Sum of digits of a perfect square in other bases
I noticed that in base ten, the sum of digits of $n$ is equivalent to $n\pmod{9}$, and if a number in decimal is perfect square, then the sum of digits of that number must be a quadratic residue $\pmod{9}$, such like this one.
I think that the decimal is the best radix to find perfect squares as if the sum of digits of a number is divisible by $3$, then the sum of digits of that number must be divisible by $9$, as if $3\mid n$, then $3^{2}\mid n$. This comes via divisibility rule.
I don’t know if this is true for other bases that is form of $a^{b}+1$.
For example, if the sum of digits of a number in base twenty-six is either $15$ or $22$, then is that number not a perfect square, similar when the sum of digits of a number in decimal is $6$ or $8$?
Also, if the sum of digits of a number in base twenty-eight is $18$, then that number isn’t a perfect square also?

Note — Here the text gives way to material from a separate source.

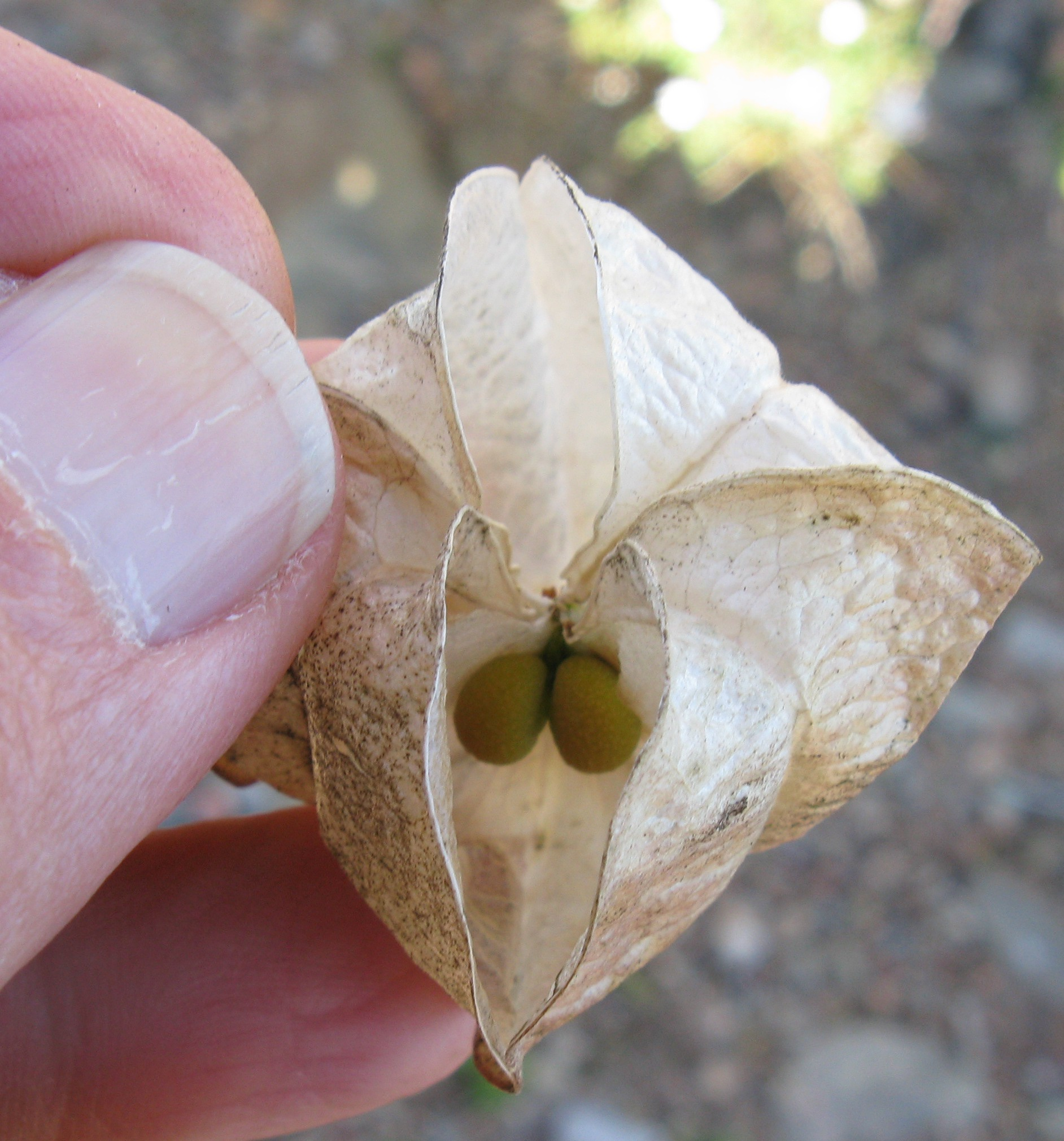 Nymania capensis Seed capsule, showing paired seeds in one locule, nearly ripe. Fully ripe seeds would be brown to black.

The divisibility rule about summing the digits to get the remainder on division by $9$ applies in all other bases $b$ to get the remainder on division by $b-1$. If you express a number in base $26$ and sum the digits you will get the remainder on division by $25$. The sum must be a square $\pmod {25}$ for the number to possibly be a square. As neither $15$ nor $22$ is a square $\pmod {25}$ no number with a digit sum of $15$ or $22$ base $26$ can be either.